Start of Recorded information
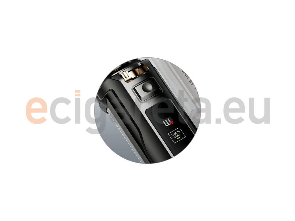 | Slot pro externí baterii VooPoo Argus XT disponuje slotem pro vlastní externí baterii, která se do modu vkládá po odklopení spodního krytu. Mod pracuje s bateriemi 21700, nebo 18650 s použitím adaptéru. Díky pohonu na vlastní baterii 21700 se můžete těšit na hladký a bezproblémový chod celého zařízení. Nespornou výhodou modelu Argus XT je potom také podpora extrémně rychlého nabíjení skrz port USB-C, baterii můžete pohodlně dobíjet proudem až 3A. |
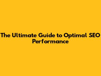 The Ultimate Guide To Optimal SEO Performance
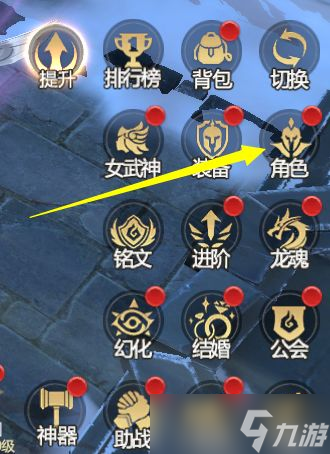 1、入口:主界面右下方【角色】→【神赐】
End of Recorded information
About this exercise:
Hand back the data above exactly, leaving out all pictures.

Expected output:
 | Slot pro externí baterii VooPoo Argus XT disponuje slotem pro vlastní externí baterii, která se do modu vkládá po odklopení spodního krytu. Mod pracuje s bateriemi 21700, nebo 18650 s použitím adaptéru. Díky pohonu na vlastní baterii 21700 se můžete těšit na hladký a bezproblémový chod celého zařízení. Nespornou výhodou modelu Argus XT je potom také podpora extrémně rychlého nabíjení skrz port USB-C, baterii můžete pohodlně dobíjet proudem až 3A. |
 The Ultimate Guide To Optimal SEO Performance
 1、入口:主界面右下方【角色】→【神赐】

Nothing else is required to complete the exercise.